After the Russian military had seized control of key Crimean facilities, GRU turned its information warfare troops loose to rally public support among Crimea’s largely ethnic Russian population to break with Ukraine and support annexation by Moscow. To do so, GRU psyops teams blitzed social media platforms, including Facebook and the Russian-language social network VKontakte, with fake personas and pro-Russian propaganda. In one week alone GRU cyber teams targeted dozens of Ukrainian activist groups, hubs of protesters on social media, and English-language publications, sowing confusion and creating the impression of a groundswell of support for Russian intervention.
Three years later, the GRU joined the Putin-ordered operation to damage or defeat Clinton. Working out of a building on Komsomolsky Prospekt in Moscow, a GRU cyber-operative named Aleksey Lukashev sent a spearphishing email to Clinton campaign chairman John Podesta on March 19, 2016. Lukashev had used a popular online service for shortening website addresses to help mask his baited missive and make it look like a legitimate security notification from Google. The breach was enabled when one of Podesta’s aides saw a supposed security warning from Google and had asked a computer technician to evaluate it. “This is a legitimate email,” the technician wrote. “John needs to change his password immediately.” With the ensuing mouse click, Russia gained access to a trove of messages stored on Podesta’s account.12 Within two days, Lukashev and his GRU unit had made off with more than 50,000 emails.
Lukashev was part of a GRU hacking group designated by its unit number, 26165. That same month, the hackers began probing the DNC network for gaps in defenses, seemingly oblivious to the fact that another Russian intelligence service was already rummaging through the files. U.S. spies said it was not uncommon for Putin to unleash separate agencies on the same target. In April, the Russian unit found an indirect route into the DNC system, stealing the computer credentials of an employee at a sister organization, the Democratic Congressional Campaign Committee, which occupied the same office and worked to help elect congressional candidates. Another spearphishing operation did the trick, luring the DCCC employee into clicking a link that effectively gave the GRU the keys into the network.

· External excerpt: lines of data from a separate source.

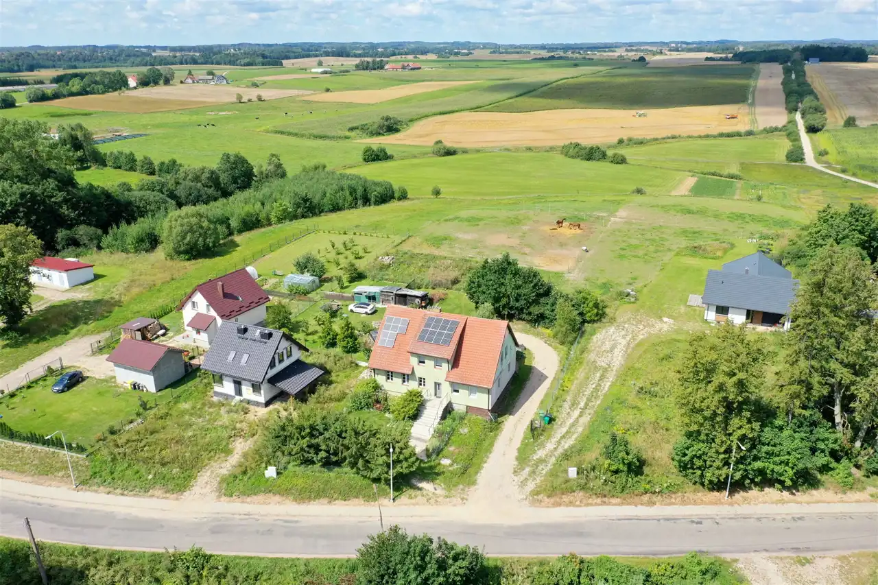 Nieruchomość usytuowana jest w cichej i spokojnej okolicy, na działce o powierzchni 4970 m2. Działka zabudowana jest domem wolnostojącym o powierzchni użytkowej około 163 m2, jest częściowo zagospodarowana.
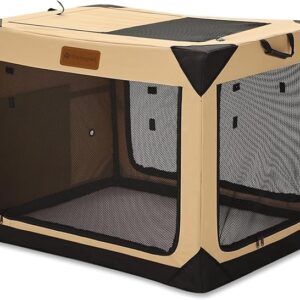 36 Inch Collapsible Soft Dog Crate for Large Dogs, 4-Door Foldable Travel Dog Kennel with Durable Mesh Windows for Indoor & Outdoor Portable Pet Crate, Soft Side Dog Crate, Beige
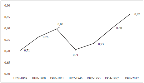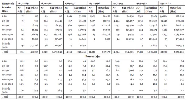Además, desde una perspectiva global y sin hacer diferenciaciones regionales, las asignaciones muestran en la práctica un Gini de adjudicación de baldíos bastante desigual en los distintos subperiodos entre 1827 y 2012: el coeficiente oscila entre 0,7 % y 0,8 % (figura 1).
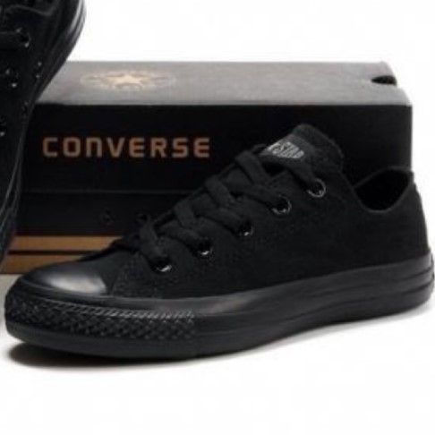 Sepatu Sneakers Hitam Polos All Star Low Full Black Sneakers Cowok Pria Formal Kasual Sekolah Kerja Trendy Kekinian
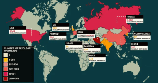 A map showing how many nuclear warheads each country has (Picture: Metro)
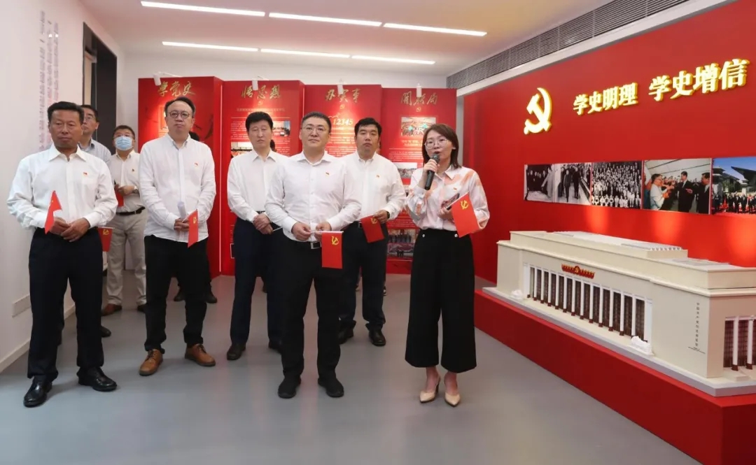 公司领导、全体人员集体合唱歌曲《没有共产党就没有新中国》,共同感悟“历史的选择、人民的选择”。在“祝中国共产党百岁生日快乐”的祝福声中,展览正式拉开帷幕!

Once inside, Lukashev’s group installed a program known as X-Agent malware on at least ten DCCC machines, enabling them to steal passwords and data from other employees, and even monitor their keystrokes and take photos of their computer screens as they typed away unsuspectingly. The hackers tried to hide their tracks by transmitting the pilfered information to a server the GRU had leased in Arizona (paid for not with rubles or dollars but with bitcoin cryptocurrency).